● **Data shown**
—————

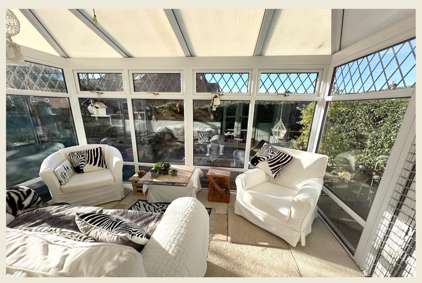
CONSERVATORY (7'3 × 11'2)
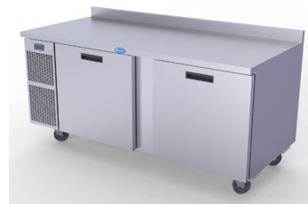
Model 9235-290 shown with Optional Casters
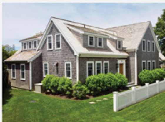
CLIFF 2 North Star Lane $6,995,000
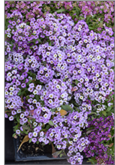
Clear Crystal Lavender Shades Sweet Alyssum flowers

Clear Crystal Lavender Shades Sweet Alyssum is recommended for the following landscape applications;
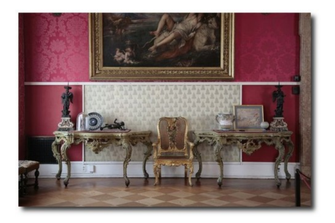
Isabella Stewart Gardner Museum
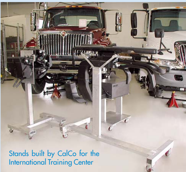
Stands built by CalCo for the International Training Center
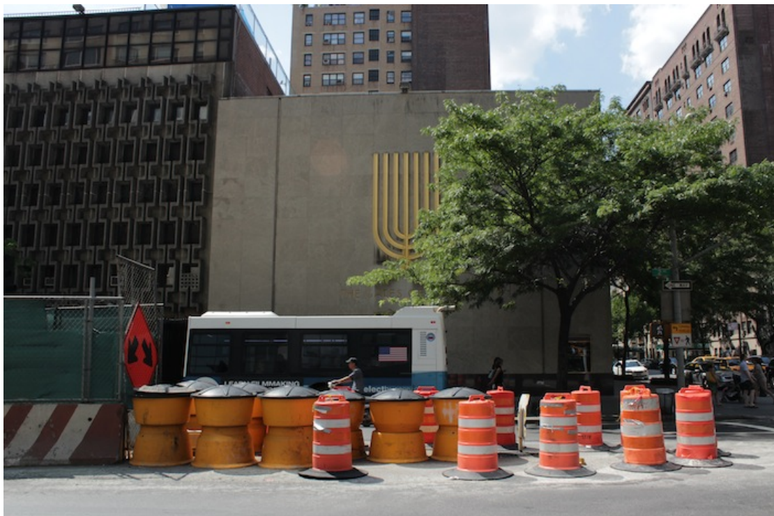
45 – Synagogue.
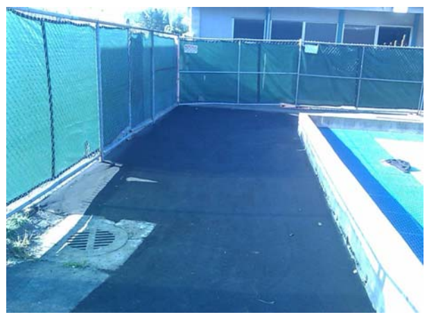
Valley View re-working of paved area
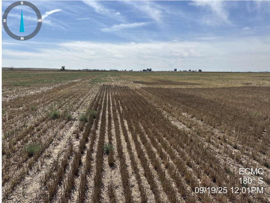
Photo 5. Photo taken of the abandoned well location, facing south. See comments under Photo 3.
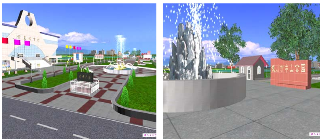
Figure 2 3D simulation scene

The high resolution satellite image, digital elevation model, various fabricated ground object model and road, lawn, space, water body and other 2D vector lines and planes collected from high resolution satellite images corrected by orthograph are integrated and matched to corresponding texture models to generate 3D virtual blocks (Fig. 2).
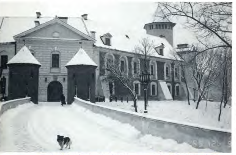
Pultusk Castle, north of Warsaw, was the site of the ISUM conference.

There is a very unique struggle going on in the Orthodox Church in Russia. Most people are now pushing for religious liberty in Russia, but the Orthodox church is not. There is a temptation not to advocate religious liberty because when the Russian Orthodox Church
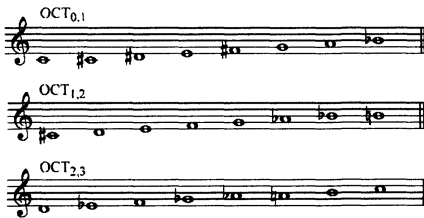
Example 1. Three transpositions of the octatonic collection

One challenge the analyst faces with works that utilize the octatonic collection is that it is rarely used in isolation but, rather, in conjunction with other harmonic
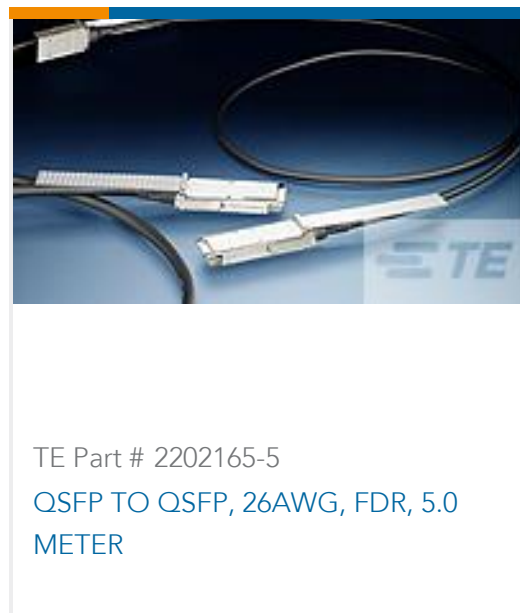
TE Part # 2202165-5 QSFP TO QSFP, 26AWG, FDR, 5.0 METER
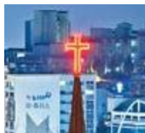
Church in Korea
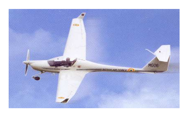
Super Dimona : The Training Aircraft of Air Force Cadets

9. At the Academy, cadets belonging to the three services live and train together. This ensures that the future officers of the three services are on the friendliest terms. They understand the organisation, capabilities and limitations of the other services apart from their own. The three services thus operate as an integrated fighting force.
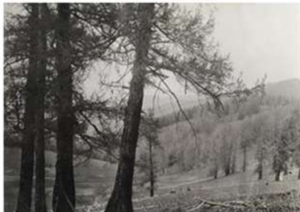
Siberia, Altai. As we march further north we pass a rolling country, June 9, 1911
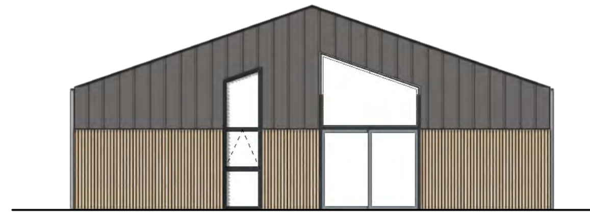
PROPOSED SOUTH ELEVATION Scale: 1:100
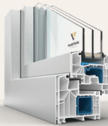
aluminum cover available

—————

● **What this task involves**
Reproduce the data above exactly, but only from the line containing "There is a very" through the line containing "Super Dimona : The"; skip the pictures.

● **Answer space**
There is a very unique struggle going on in the Orthodox Church in Russia. Most people are now pushing for religious liberty in Russia, but the Orthodox church is not. There is a temptation not to advocate religious liberty because when the Russian Orthodox Church
Example 1. Three transpositions of the octatonic collection

One challenge the analyst faces with works that utilize the octatonic collection is that it is rarely used in isolation but, rather, in conjunction with other harmonic
TE Part # 2202165-5 QSFP TO QSFP, 26AWG, FDR, 5.0 METER
Church in Korea
Super Dimona : The Training Aircraft of Air Force Cadets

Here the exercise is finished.